风亦尘在她挥手的前一刻,早已抱着我闪身退后五丈远,我靠在他怀里抬首看他,原本俊逸的脸庞笼罩在一股难以名状的冷漠下。
哈哈……那莽汉见紫衣姑娘什么都没撒出来,原本视死如归的强硬霎那变得嘲讽大笑,“你个臭娘们,敢耍本大爷,看我今天不取了你的小命。”他说罢,便挥刀上前,却不想刚踏前一步,一口鲜血便直喷出来,软身倒后,心有不甘的瞪着紫衣姑娘。
“二弟。”大哥俯身上前,嘴角顿时鲜血直流,狼狈的倒在他二弟身边,惊得身后几人一动不敢动。
紫衣姑娘拍拍手,上前围着那几人走了一圈,停在倒地的兄弟二人前方,一改先前的嬉笑怡然,清秀的面貌肃杀之气顿生,“你们石虎寨劫杀良民,前不久你们是不是抢了一家十余口,老弱妇孺皆不留活口,只可惜有一孩童躲在母亲裙下,才免遭杀害。奚奚我虽然也不是什么好人,可就是见不得坏的连人性都没有的人。今天若不杀你们,我都对不起我自己。”
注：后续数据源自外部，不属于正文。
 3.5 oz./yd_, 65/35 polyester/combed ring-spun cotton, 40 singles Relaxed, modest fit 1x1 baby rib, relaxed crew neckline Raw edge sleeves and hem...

她俯身上前,又恢复先前的俏皮可爱,语气无辜:“本来是想让你们直接去见阎王爷,可惜你们仗着人多,一再欺负奚奚我,所以奚奚我才让你们尝尝噬骨散的厉害。我告诉你哦,这毒啊,走一步一口血,不信的话你可以试试,当然你不走路也行,反正你的血也会一点一滴的从皮肤里慢慢的往外冒,迟早也是个死。而且啊……你的血还会引来一种吸血虫,它会帮助你更快的向阎王爷报道的。怎么样,濒死的感觉是不是很好啊?”
我愕然,死亡并不可怕,恐惧的只是临死前的绝望。让一个人死有很多种方法,可是让他一步一步清清楚楚感受死亡的脚步却可怕至极。她是路见不平施毒相助,但是这方法貌似忒不人道。记得以前看过一个纪录片,说某一国家有动物保护法,连杀猪宰羊的过程都不能让猪和羊感受到痛苦,这是多为这些动物着想啊,咱们虽然最终是要吃它们的,可绝不能让它们感觉这世界的不公,临死也要给它们个舒服的死法,充分说明这个国家的慈悲心。
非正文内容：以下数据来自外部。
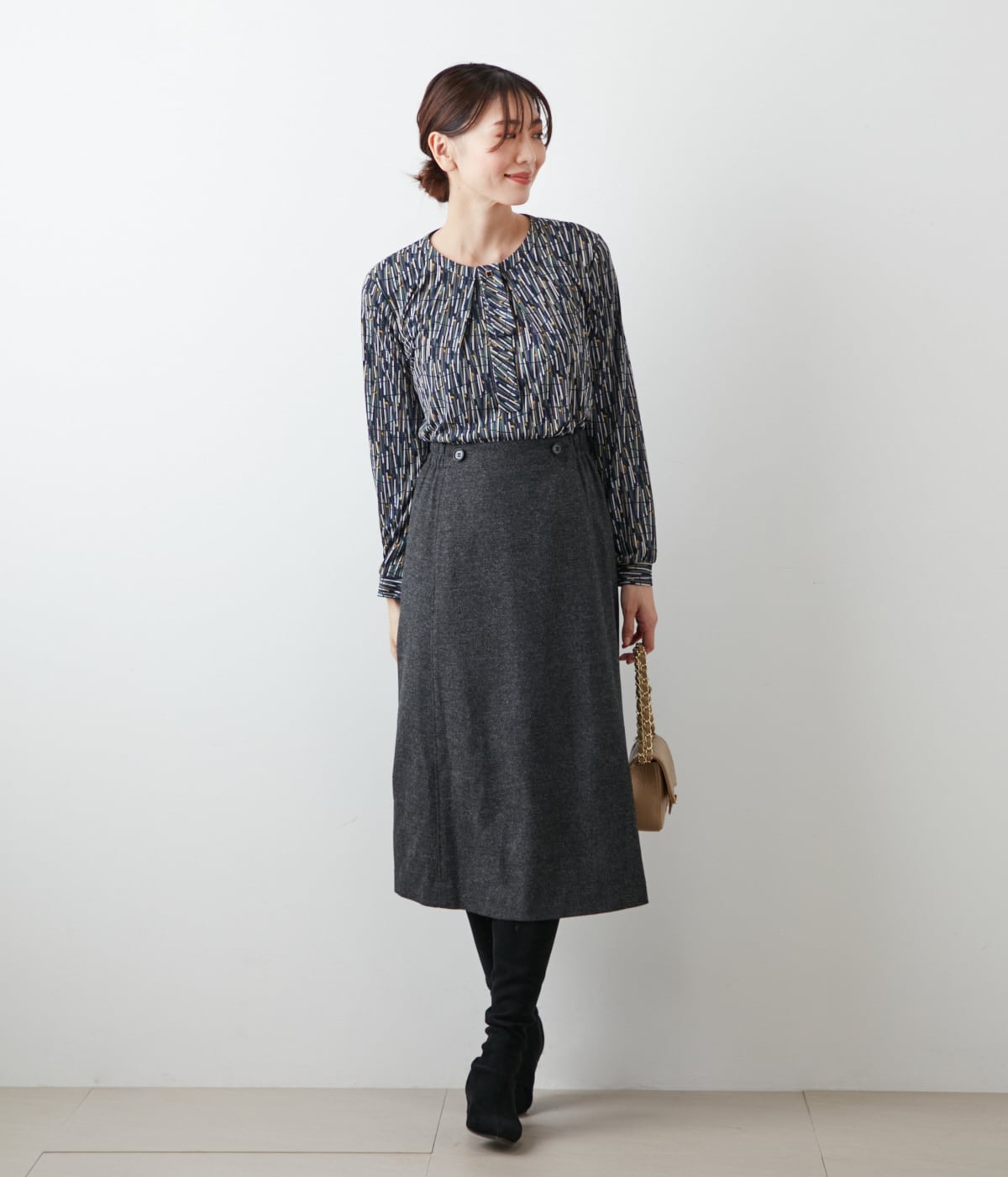 クルーネックの長袖プルオーバー。柄が引き立つシンプルなデザインに、襟元のボウタイできちんと感をプラスしました。ボウタイは釦で留め付けており、付け外しの手間や着崩れを気にせず着用できるのがポイント。スクエア型の飾り釦は、アクセサリー感覚で顔周りに華やぎを添えてくれます。

可眼下这几个人的状态,成就了明显的鲜明对比,死的漫长又充满痛苦,多不人道啊。
“我说……这位姑娘。”我舔舔嘴,指了指倒在一旁那些人,又指向我那可怜的小马,“那些人是罪大恶极就当他们死有余辜吧,可是我那匹马,一没杀过人,二没劫过财,撑死也就多吃了点草料,多长了点肥肉,不就是为了以后能找个漂亮老婆生出个漂亮孩子。你说它让你就这么平白的给弄死了,它容易吗它?”
紫衣姑娘惊讶的抬头看我,好像这才发现旁边还有两人看戏,她不好意思的笑笑,蹦蹦跳跳的跑到我们面前,不,更准确的是风亦尘的面前,清秀的俏脸布满可疑的红晕:“原来是你啊?你的马没事,只是中了我的尸针,一会儿就能活蹦乱跳了。”
我不满的在她满眼红心的面前挥挥手,示意那是我的马,要说也要对着我说才对。
她对我的挥手完全屏蔽,根本就当我不存在一般,只是一个劲的对风亦尘傻笑不止。
“段姑娘,请解了马的毒,我们还要赶路。”风亦尘对紫衣姑娘的热情全然没有半点回应,态度疏离而又冷漠。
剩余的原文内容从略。